CHICAGO -- Chicago has received the green light to levy a passenger facility charge on air travelers, but will issue only a minimal amount of bonds backed partially by the fees.

The Federal Aviation Administration on Tuesday approved the city's application to levy a $3 passenger facility charge for six years on boarding and connecting passengers at O'Hare International and Midway airports.

The passenger facIlity charge is expected to raise about $90 million annually, according to the city's Department of Aviation. At a press conference yesterday, Mayor Richard Daley said revenues from the charge will help finance $741 million of capital projects at O'Hare and $100 million of projects at Midway over the next 10 years.

John Harris, chief of staff for the Department of Aviation, said that the city intends to issue $37 million of bonds for improvements at Midway. Those bonds will be backed by a double-barreled pledge of general airport revenues from Midway and the passenger facility charges, he said.

City finance officials declined to comment on why the city chose a double-barreled pledge.

Harris said that bonds will not be issued for any of the O'Hare projects because of concerns by O'Hare-based airlines about paying off bonds for capital improvements. He said that the city responded to those concerns by spreading out the projects over time to reduce the need to leverage the passenger facility charges.

"At Midway, we already have airline approval for most of the projects," Harris said. "O'Hare airlines were much more reluctant to sign onto the double-barreled program."

Tim Hutchison, director of the passenger facility charge program for the city, said that the bonds for Midway Airport are expected to be issued in the first quarter of 1994.

The airport projects include terminal. runway, and taxiway improvements; soundproofing for 40 schools; and residential noise insulation for several thousand homes.

"Midway and O'Hare airports provide nearly 340,000jobs shared between Chicago and its suburbs," Daley said. "The personal income generated by these jobs totals 13.5 billion each year. Clearly, Chicago's airports are vital economic resources that must be carefully managed."

Daley's decision to proceed with the O'Hare and Midway projects reflects his intention to focus on the city's existing airports rather than build a new airport. Last year, Daley abandoned a plan to use passenger facility charges for a new airport in the Lake Calumet area on the city's southeast side after the Illinois General Assembly failed to quickly approve the plan.

In 1990, Congress voted to allow the collection of passenger facility charges by airports. A major reason for allowing the fees was the prohibition on using federal aviation trust fund revenues to secure bonds.
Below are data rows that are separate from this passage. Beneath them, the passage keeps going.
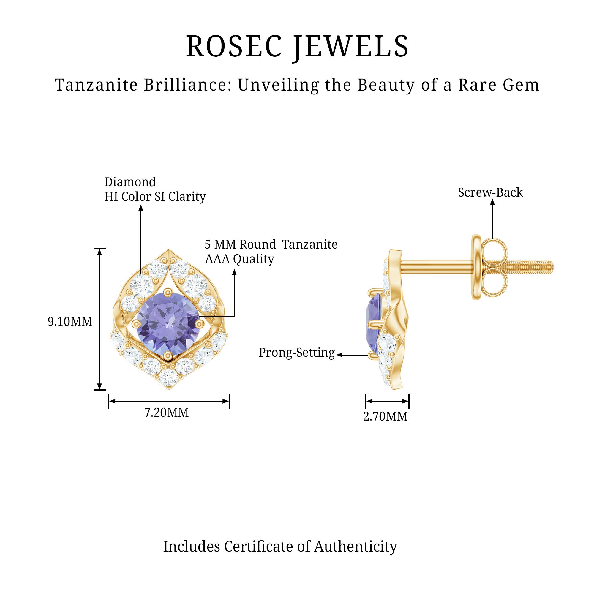 These tanzanite stud earrings are a stunning and unique piece of jewelry. The round tanzanite center stone is surrounded by tiny sparkling diamonds encased in a petal design, adding a touch of luxury and sparkle to the earrings. They can be dressed up or down and will surely add a touch of glamour to any outfit.
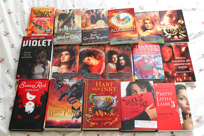 Tadaaa! En dit zijn al mijn rode/oranje boeken! Ik had eigenlijk verwacht dat het er meer zouden zijn want rood is best een veel voorkomende kleur. Als ik zo eens in mijn boekenkast kijk, denk ik dat bij mij zwart de meest voorkomende kleur is en blauw volgt snel daarna!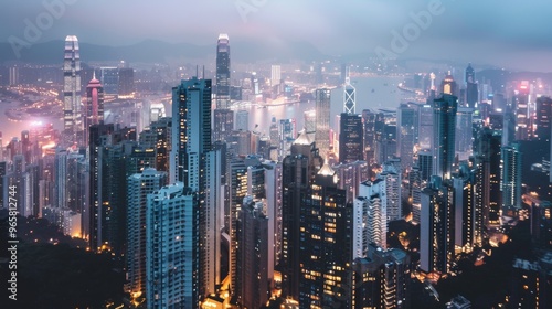 Majestic city skyline featuring towering skyscrapers and illuminated buildings at dusk, with a soft glow from the city lights.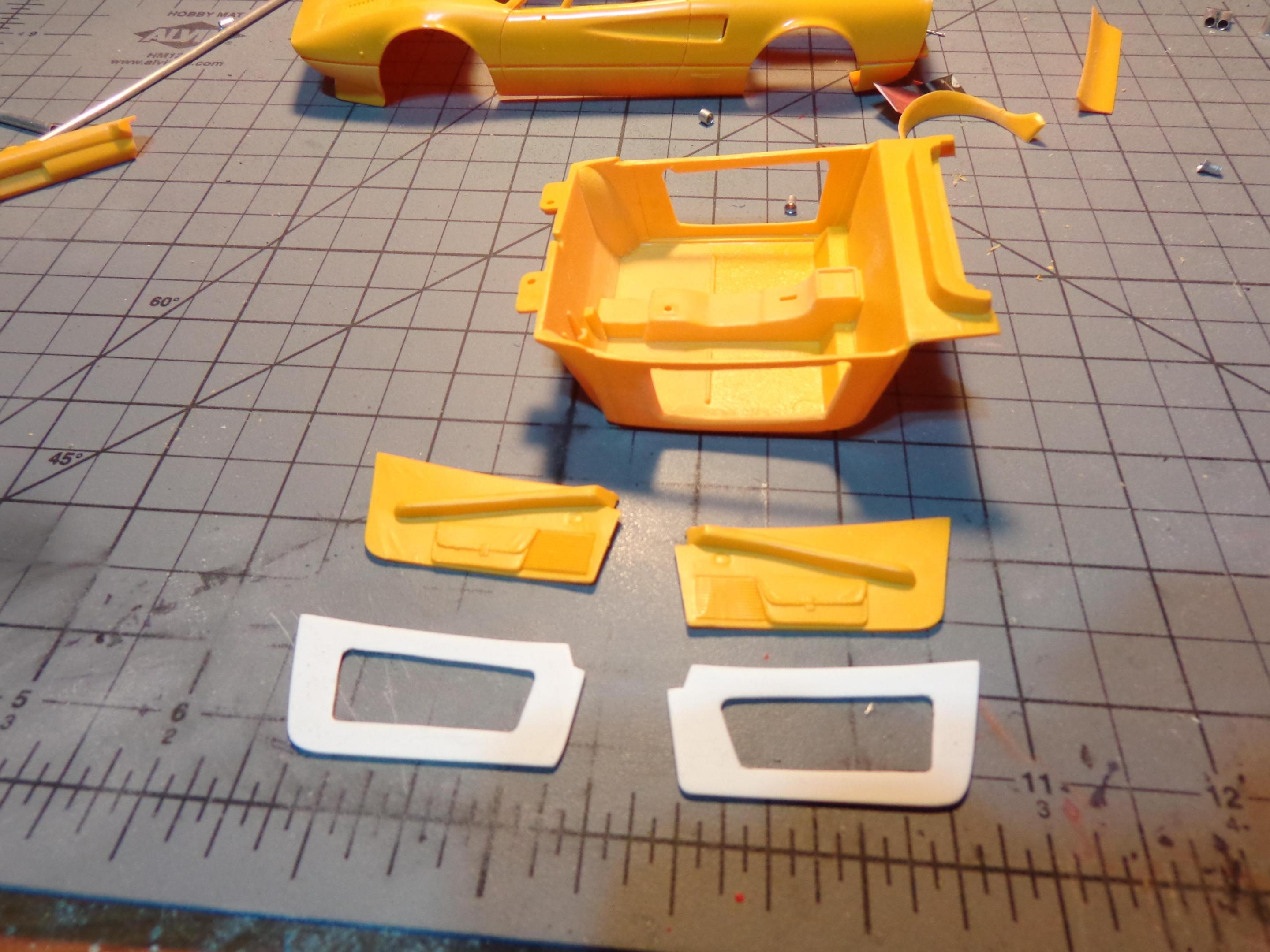 Since the "My Science Project" GTO is basically done (mirrors and license plates yet), I figured it's time for the next one to try to keep the ball rolling. A simpler kit this time so that maybe I won't get stalled out by putting too many details into it (although I do have plans for some enhancements). Haven't completely decided on a color yet but I'm thinking of a 2 tone red upper, black lower with black fender flares. Very similar to the box top but just with red instead of yellow. (I know, another red Ferrari) I did already use aluminum tubing to make the exhaust tips so they have some dimension and depth. I have some shaping on the body to do. The rear bumper is too thick on one side. I just know that I'm going to want to simplify the interior to resemble more of a race car and I'm not sure if I'm going to be happy with just the single roll bar hoop in the kit. So, I'm not sure how much I'm going to be able to reign myself in to not going overboard.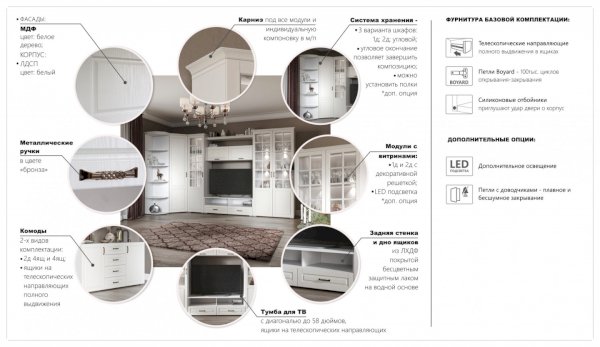 Внимание! Подсветка и карнизы приобретаются отдельно.

Rating agencies have made it difficult for airport issuers to obtain investment grade ratings for bonds backed solely by passenger facility charges because of FAA's power to terminate the airports' ability to levy the charges.

In published comments last year, Standard & Poor's Corp. said it would not rate bonds backed only by the charges, while Moody's Investors Service said those bonds would be unlikely to achieve an investment grade rating. Fitch Investors Service has said it will review such issues on a case-by-case basis.

In April, the FAA said it will terminate an airport's ability to collect a passenger facility charge only if there are "dire misuses" of the funds. The FAA issued the clarification in response to a request from Kidder, Peabody & Co. and Hopkins & Sutter, a bond counsel firm. The firms had requested the clarification as part of an effort to sell unrated bonds backed only by passenger facility charges to institutional investors.

A spokeswoman for the FAA said that the agency has approved passenger facility charges at 112 airports and is reviewing applications for 42 others.